Rand Paul plans Patriot Act filibuster in Senate

NCC Staff

Senator Rand Paul and a few colleagues will try to block an extension of the controversial Patriot Act provisions using a filibuster, Paul confirmed Monday in an interview.


Paul, a Republican from Kentucky, told the New Hampshire Union Leader that he would take an aggressive public stance on the Senate floor against extension championed by Senate Majority Leader Mitch McConnell.

Event Update:  Rand Paul at the National Constitution Center (May 18, 11:00 A.M.)

“I’m going to lead the charge in the next couple of weeks as the Patriot Act comes forward,” he told the Union Leader. “We will be filibustering. We will be trying to stop it. We are not going to let them run over us. And we are going to demand amendments and we are going to make sure the American people know that some of us at least are opposed to unlawful searches.”

On Sunday, Senator Ron Wyden, a Democrat from Oregon, said he also would filibuster a short-term extension of the current provisions, which critics believe violate the Constitution’s First and Fourth Amendment.

Back in May 2011, Paul was a vocal opponent of the four-year extension of provisions related to the government’s ability to collect “business records” such as phone metadata with the permission of a federal judge behind closed doors.

It was unclear from Paul’s comments what type of filibuster he would employ. In March 2013, Paul undertook an old-fashioned talking filibuster, made famous in the movie “Mr. Smith Goes To Washington.” Wyden took part in Paul’s 13-hour filibuster about executive power and drones, along with Republicans Mike Lee and Ted Cruz.

Then Senate minority leader McConnell was also part of the 2013 Paul filibuster, but now he will control the procedure that would possibly allow a talking filibuster or a cloture vote to block a filibuster.

Since Paul’s 2013 talking filibuster, the Democrats limited the filibuster in November 2013 by removing it from the Senate rules as a way to block executive appointment nominations, but it is fully in play for legislative acts like the Patriot Act provisions.

Now, Paul or others can signal their intent to filibuster, which would force McConnell to hold a cloture vote. If McConnell can get 60 votes to override the intended filibuster, then he could proceed to a full Senate vote on a clean re-authorization of the Patriot Act provisions.

But the cloture-vote provisions allow for a maximum of 30 hours of more procedures and public comments on a bill, so Paul and the Act’s opponents won’t lack a public forum.

Back in 2011, the Patriot Act extensions got 72 yes votes in the Senate, but that was before the disclosures by former government analysts Edward Snowden about the extent of the NSA’s phone-record collection program.

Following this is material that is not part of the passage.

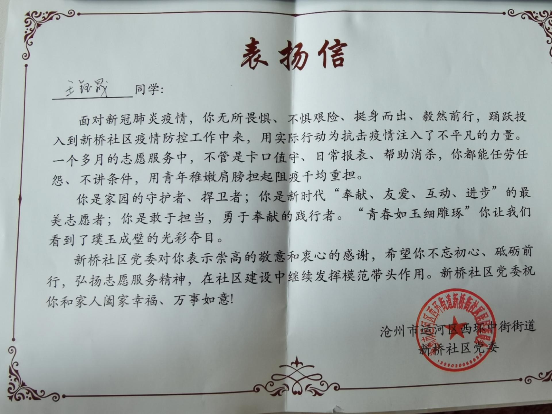 “虽然这段时间很辛苦,但我们感到十分光荣,这半个月的志愿服务经历是值得我终生铭记的。“青春如玉细雕琢”,希望青春在不懈奋斗中绽放绚丽之花,来自城规2001的王梦说道。

On Sunday, McConnell repeated his support of an extension at an event in Boston. “”The nation is better off with an extension of the Patriot Act than not, but we’ll see where the votes go,” McConnell said.

The House has its own new proposed law, the USA Freedom Act, that transfers data collection back to the private sector. McConnell opposed that bill and Paul won’t likely support the USA Freedom Act if it contains Patriot Act-like provisions.

The stalemate could come to a head by May 31, when the Senate would need to agree with the House on a new measure or a temporary extension of the old one, or else the massive data-collection program may need to shut down.